Sekgoma explained that the Forum’s accounts were subject to internal control, and to the external audits.

“One of the aspects scrutinised will include the Management of the SRHR, HIV and Aids Governance Project in accordance with the Project agreement with SIDA and the Project Implementation Agreement with the Parliament of Mozambique. The Forum may be required to stop sending funds to Mozambique if corruption or fraud is uncovered,” she said.

SIDA has made combating corruption – a key obstacle to development – a top priority in its work. SIDA defines corruption as the abuse of trust, power or position for improper gain.

Yapoka Nyirenda Mungandi, the director of Finance & Corporate Services at SADC PF, accompanied Sekgoma and participated in meetings with staff and members of Parliament to ensure that the Project is not only fully understood but also institutionalised across all sections of parliament. The latter is necessary to ensure that Parliamentarians embrace and support the Project so that it has the envisaged impact.
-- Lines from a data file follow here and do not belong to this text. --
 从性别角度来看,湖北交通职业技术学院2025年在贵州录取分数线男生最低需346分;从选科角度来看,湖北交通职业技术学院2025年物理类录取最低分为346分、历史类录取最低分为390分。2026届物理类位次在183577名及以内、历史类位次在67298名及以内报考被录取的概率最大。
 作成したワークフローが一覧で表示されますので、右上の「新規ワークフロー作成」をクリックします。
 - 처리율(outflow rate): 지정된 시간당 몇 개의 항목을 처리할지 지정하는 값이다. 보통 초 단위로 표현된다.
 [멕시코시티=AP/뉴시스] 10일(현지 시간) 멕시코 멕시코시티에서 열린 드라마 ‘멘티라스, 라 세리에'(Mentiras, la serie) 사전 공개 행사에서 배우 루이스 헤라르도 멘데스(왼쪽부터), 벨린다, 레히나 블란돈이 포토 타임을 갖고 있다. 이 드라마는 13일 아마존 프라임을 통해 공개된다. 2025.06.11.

Mungandi revealed that Mozambique was set to receive about 3,6 million Rands over the three-year Project scheduled to end in 2026. She said the overall budget of the Project across the SADC region was about US $5 million.

The third phase of the Project will build on the successes of the first and second phases while broadly focusing on thematic areas of SRHR commodity security; gender equality and Sexual Gender-Based Violence (SGBV); Sexual Orientation and Gender Identity (SOGI); early and unintended pregnancies and safe abortion; Comprehensive Sexuality Education (CSE); and Key Populations, among others.
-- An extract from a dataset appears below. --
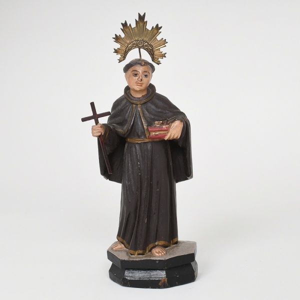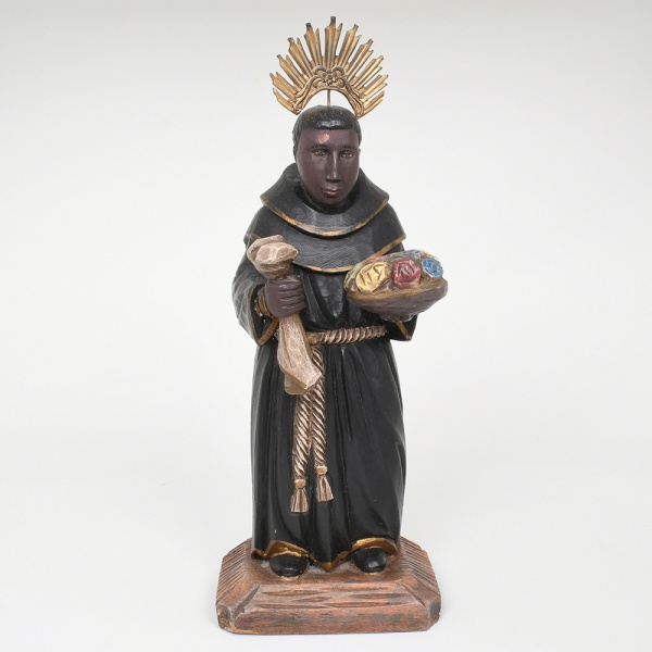 • ARTE SACRA. São Benedito das Rosas. Imagem devocional executada em madeira policromada.Apresenta-se de pé em posição frontal, trajando o hábito da Ordem Franciscana, com cordão de três nós à cintura, símbolo dos votos da ordem. Representado segurando pano não direita, enquanto na outra mão sustenta bandeja com rosas, atributo iconográfico associado ao milagre em que alimentos destinados aos pobres teriam sido transformados em flores, episódio tradicional da hagiografia de São Benedito. A cabeça é encimada por resplendor metálico dourado, fixado posteriormente à escultura. A policromia apresenta predominância de tons escuros no hábito, com detalhes dourados nos contornos, além de cores variadas nas rosas dispostas na bandeja, base retangular. Medidas: Alt.: 29,5 x Comp.: 13 x Larg.: 9,5 cm.

At national level, the Project seeks the advancement of SRHR within the context of promoting democracy through SRHR implementation; gender equality and parity in addressing climate change and use of renewable energy sources, while amplifying the voices of women and girl children in decision-making processes to protect the environment and to recover from environmental disasters; building the capacity of national Parliaments to address SRHR using evidence; and promoting the domestication of Model Laws and other initiatives.

With the Implementation Agreement signed, it is all systems go in Mozambique and expectations are running high. Sekgoma said the signing “demonstrates the leadership and commitment” of the Parliament of Mozambique on SRHR-related issues.

She said: “It shows the commitment of the SG in ensuring that the capacity of staff of parliament is built and that MPs have the knowledge of what is happening nationally, regionally and globally on SRHR, HIV and Aids Governance. This is a good day for parliamentary democracy, for accountability, for SDGs and for Mozambique. This will affect our laws and budgets. Our MPs will be actively engaged.”

Nampete said: “This agreement exhorts us to ensure that the SRHR of our people are promoted and that we ensure that children do not die young while the health of women, girls and children is safeguarded. This Project is a continuation. It will add value to our country which, like all developing countries, faces scarcity of resources. As parliament we are committed to delivering according to expectations.”

The SADC PF, which brings together 15 SADC member States and approximately 3700 members of Parliament, is implementing the project, which is open to all 15 SADC countries with funding from Sweden.